Input data
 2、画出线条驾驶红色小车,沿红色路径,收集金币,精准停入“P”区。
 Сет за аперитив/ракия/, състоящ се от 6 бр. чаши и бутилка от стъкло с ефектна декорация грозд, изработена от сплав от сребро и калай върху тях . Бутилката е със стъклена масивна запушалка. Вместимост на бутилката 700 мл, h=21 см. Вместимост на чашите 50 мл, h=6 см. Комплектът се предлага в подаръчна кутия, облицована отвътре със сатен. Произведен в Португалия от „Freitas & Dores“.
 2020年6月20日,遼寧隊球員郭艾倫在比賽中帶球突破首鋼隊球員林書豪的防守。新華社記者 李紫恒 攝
* * *
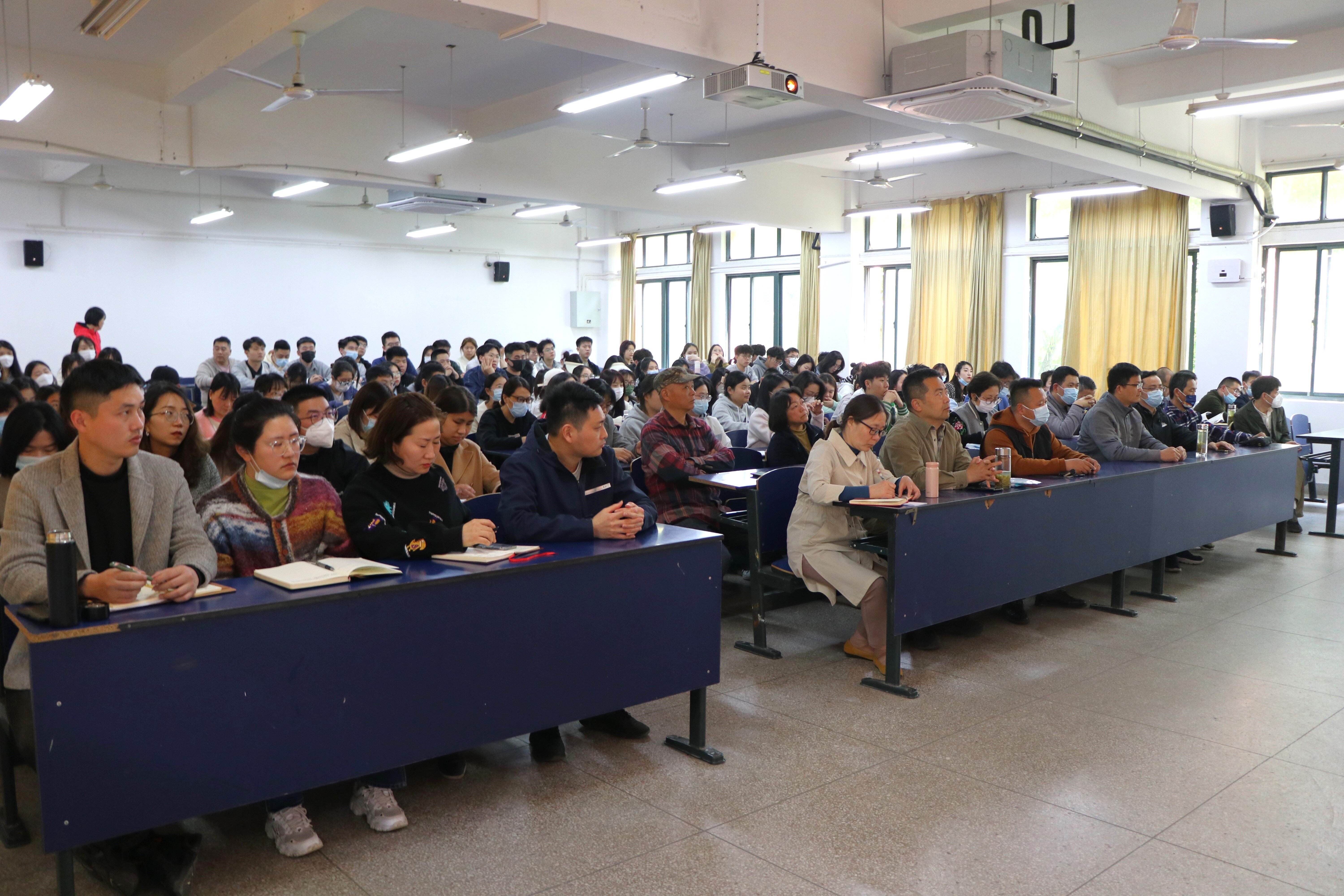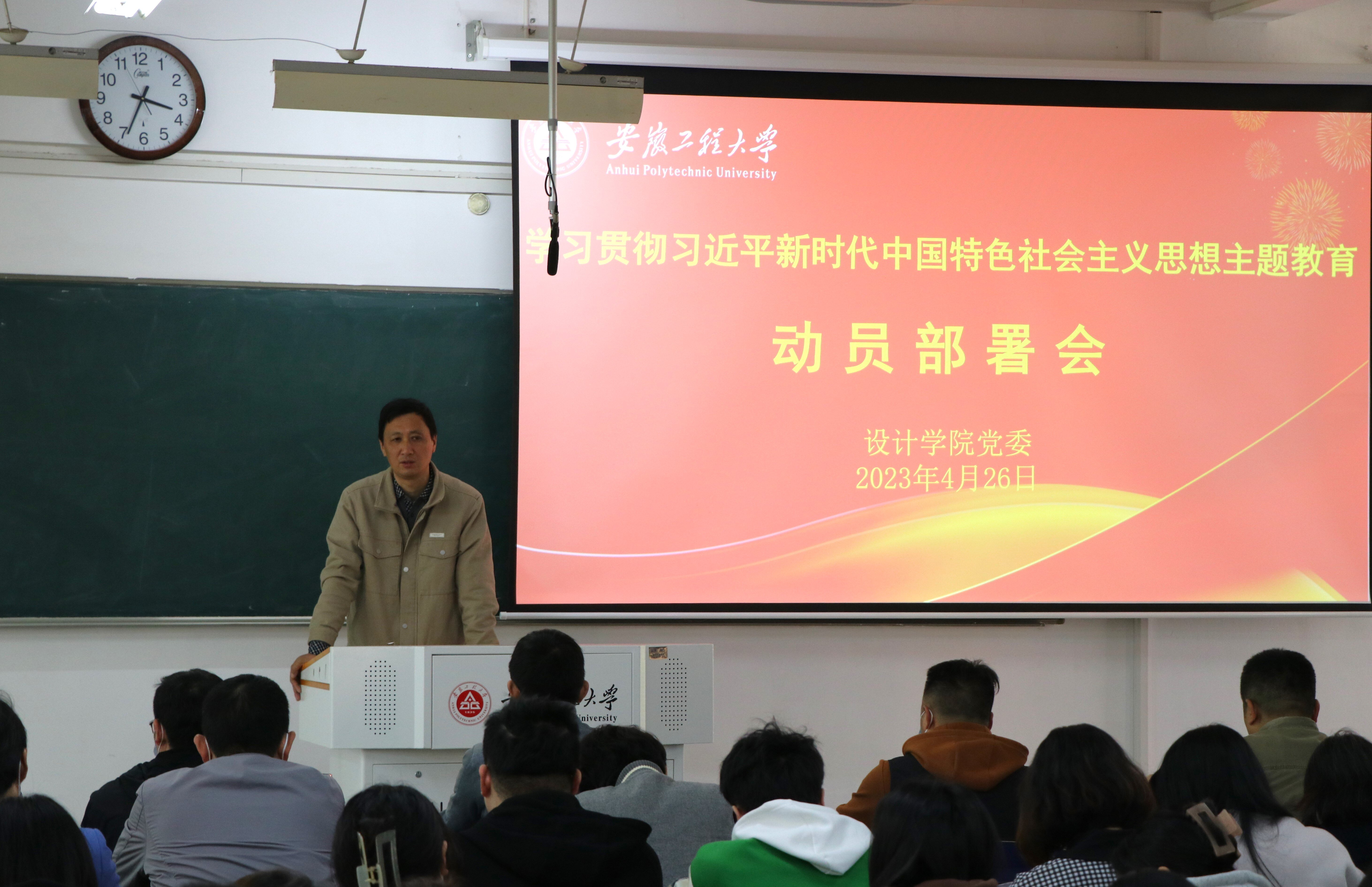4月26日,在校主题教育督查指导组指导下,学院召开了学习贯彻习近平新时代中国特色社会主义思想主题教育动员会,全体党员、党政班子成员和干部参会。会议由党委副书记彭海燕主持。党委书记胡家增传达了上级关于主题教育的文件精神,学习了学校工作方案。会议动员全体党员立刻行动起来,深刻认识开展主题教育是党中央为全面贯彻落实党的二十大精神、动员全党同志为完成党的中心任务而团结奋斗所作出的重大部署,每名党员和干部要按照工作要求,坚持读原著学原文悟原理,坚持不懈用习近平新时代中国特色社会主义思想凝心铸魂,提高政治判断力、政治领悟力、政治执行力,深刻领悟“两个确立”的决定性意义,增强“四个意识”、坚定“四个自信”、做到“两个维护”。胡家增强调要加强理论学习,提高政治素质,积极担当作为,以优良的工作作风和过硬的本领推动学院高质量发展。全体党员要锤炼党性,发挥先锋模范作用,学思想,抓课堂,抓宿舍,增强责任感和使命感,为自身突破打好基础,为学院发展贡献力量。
--
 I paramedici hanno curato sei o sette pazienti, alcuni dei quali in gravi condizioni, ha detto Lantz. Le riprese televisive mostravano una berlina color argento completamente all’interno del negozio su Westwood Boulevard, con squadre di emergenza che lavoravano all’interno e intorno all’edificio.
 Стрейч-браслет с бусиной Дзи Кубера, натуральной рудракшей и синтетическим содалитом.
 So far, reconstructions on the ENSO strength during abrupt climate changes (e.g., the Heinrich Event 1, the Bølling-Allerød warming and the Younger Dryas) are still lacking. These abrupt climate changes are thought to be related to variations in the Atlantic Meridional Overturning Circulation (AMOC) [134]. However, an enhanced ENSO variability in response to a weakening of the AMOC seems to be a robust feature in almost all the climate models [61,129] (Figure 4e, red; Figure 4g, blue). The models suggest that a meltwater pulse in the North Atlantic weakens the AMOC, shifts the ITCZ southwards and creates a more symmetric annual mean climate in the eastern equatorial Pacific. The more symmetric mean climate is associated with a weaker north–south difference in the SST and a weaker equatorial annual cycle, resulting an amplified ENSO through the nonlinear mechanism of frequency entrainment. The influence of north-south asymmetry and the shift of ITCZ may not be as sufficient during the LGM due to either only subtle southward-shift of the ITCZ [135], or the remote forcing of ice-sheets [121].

What you should do
In the data above, find the line with "Сет за аперитив/ракия/, състоящ" and the line with "2020年6月20日,遼寧隊球員郭艾倫在比賽中帶球突破首鋼隊球員林書豪的防守。新華社記者 李紫恒 攝". Retype both, plus every line between them, exactly.

Response to this exercise
 Сет за аперитив/ракия/, състоящ се от 6 бр. чаши и бутилка от стъкло с ефектна декорация грозд, изработена от сплав от сребро и калай върху тях . Бутилката е със стъклена масивна запушалка. Вместимост на бутилката 700 мл, h=21 см. Вместимост на чашите 50 мл, h=6 см. Комплектът се предлага в подаръчна кутия, облицована отвътре със сатен. Произведен в Португалия от „Freitas & Dores“.
 2020年6月20日,遼寧隊球員郭艾倫在比賽中帶球突破首鋼隊球員林書豪的防守。新華社記者 李紫恒 攝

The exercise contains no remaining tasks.